Simple as it is, I love this app! The closest thing I’ve used on *nix is Tomboy, but it doesn’t feel as smooth to me. I’ll just have to fiddle with it more… figuring out how to import all my existing data would be another issue.

QuickSilver Gnome desktop launcher? I’ve found QuickSilver invaluable for launching various apps… I used to switch to Terminal and run ‘open -a Firefox’ and such. ;) I think the new launcher which will be included with Ubuntu Gutsy will serve okay on this, though I haven’t tried it.
Keynote OpenOffice Impress Wonder if it’s got the nice preview-on-second-screen that Keynote does.
Parallels VMWare Workstation Already use this on my office Linux box.
iChat Pidgin Been using Pidgin a bit on my Linux box in the office; it’s pretty decent these days.
Colloquy XChat-GNOME Kind of awkward, but I haven’t found an IRC client I’m happier with on *nix.
Google Earth Google Maps I haven’t had any luck getting the Linux version of Google Earth to run on my office box, but the web version is usually fine.
iTunes RhythmBox I’d have to strip DRM from my iTMS tracks, but that’s certainly doable. Don’t know whether it’ll be able to sync with an iPhone, though. ;)

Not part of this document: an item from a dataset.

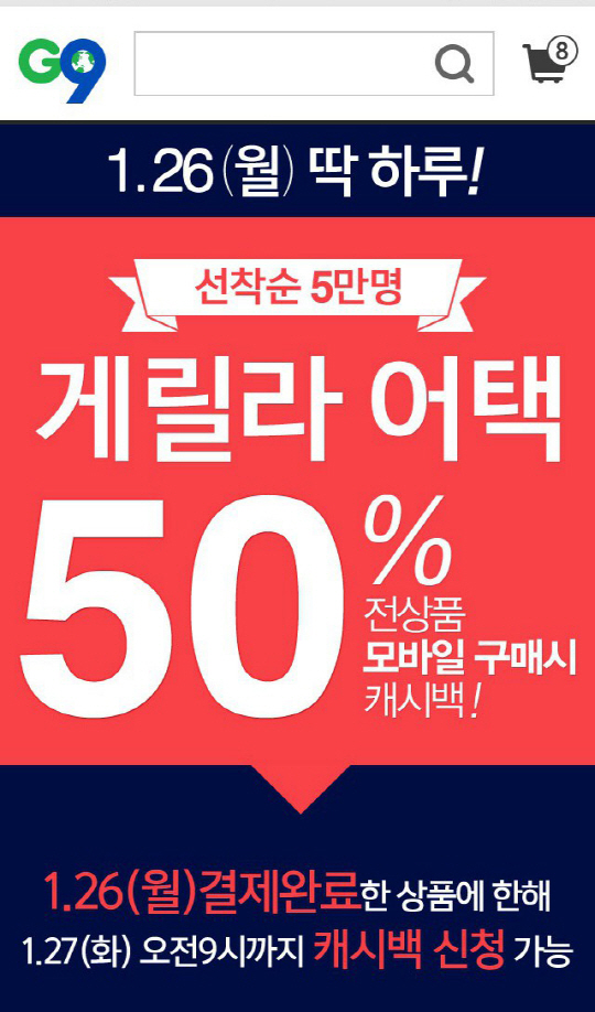26일 하루 동안 G9 모바일 앱에서 상품(티켓/상품권 제외) 구매 시 결제 금액의 50%(최대 1만원)를 G캐시로 돌려준다. 선착순 5만명에게 제공되는 이번 캐시백은 프로모션 페이지에서 26일 자정부터 신청 가능하다. G캐시는 해당 기간 동안 한 ID당 1건 신청 할 수 있으며, 2월 13일 일괄 지급된다.
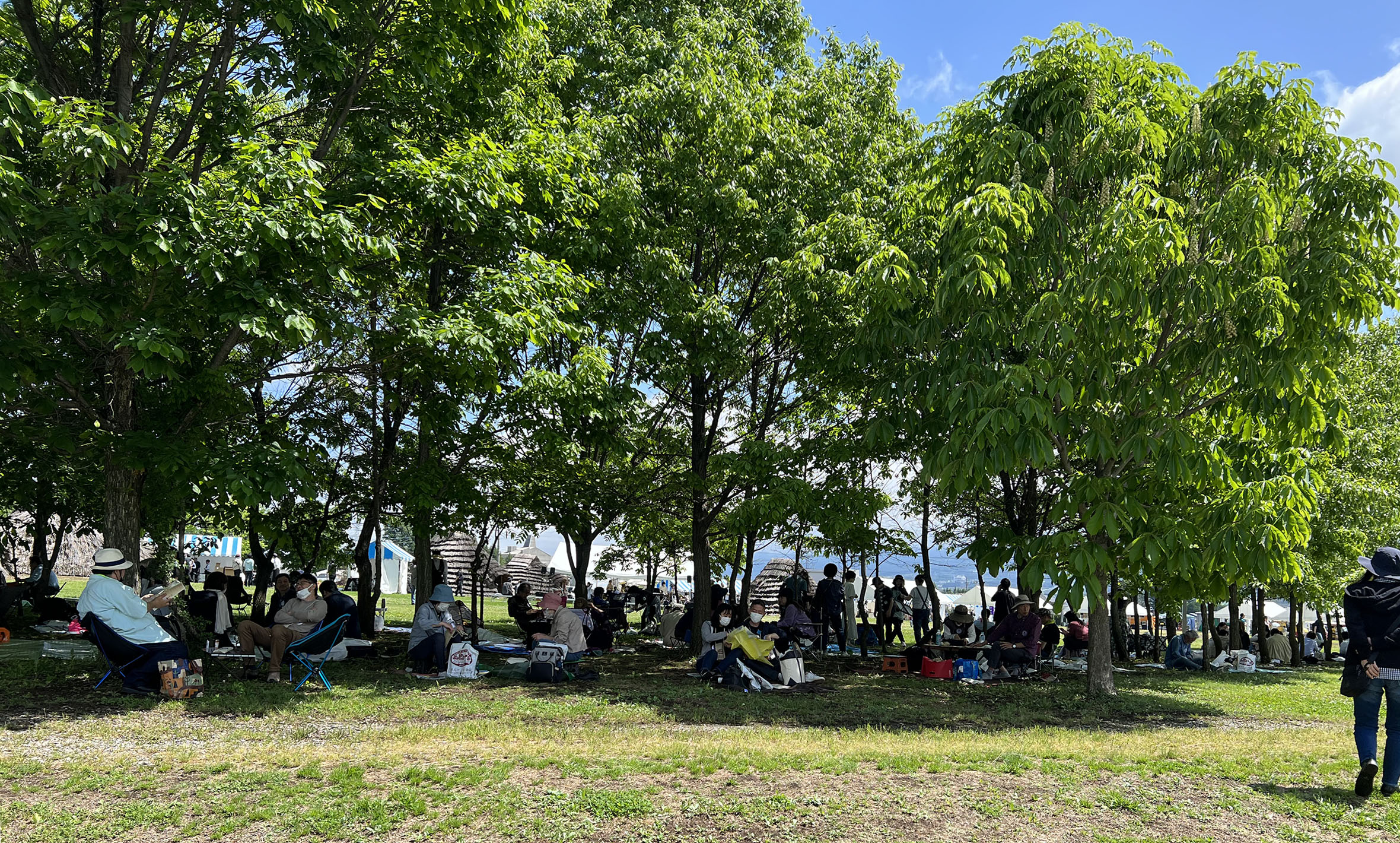 2019年までは、塩尻駅前の「ワインステーション」で各社のワインが販売される他、「ワイナリー巡り」として、臨時循環バスか徒歩で各社のワインの試飲や、工場・ブドウ農園の見学ができる形式でした。ワイナリーごとにいろいろな趣向で迎えてくれたり、ブドウ棚の下で「ぶどう畑ピクニック」として飲食できるワイナリーもありましたが、コロナ渦で2年中止になった後、2022年~2024年は「新緑と楽しむワインピクニック」として、屋外の平出遺跡公園でブースで飲み比べる形式で開催されています。

iPhoto F-Spot I took a quick peek on the F-Spot web site and was surprised to find nothing about importing from iPhoto. Should be doable; the photos are all just JPEGs and the metadata’s in some kind of XML last I looked.
NetNewsWire ? I haven’t found a good RSS reader on *nix yet.
iCal Evolution calender? Sunbird? I guess I could use Google Calender, but it’s kind of nice to have something that works locally.

The biggest lapse if I switch at home would be in the video editing / multimedia end of things, which I dabble in sometimes and keep meaning to get back into more. I’m pretty happy with the Apple pro apps (Final Cut, Motion, etc), and there’s not really much touching that in Linux-land.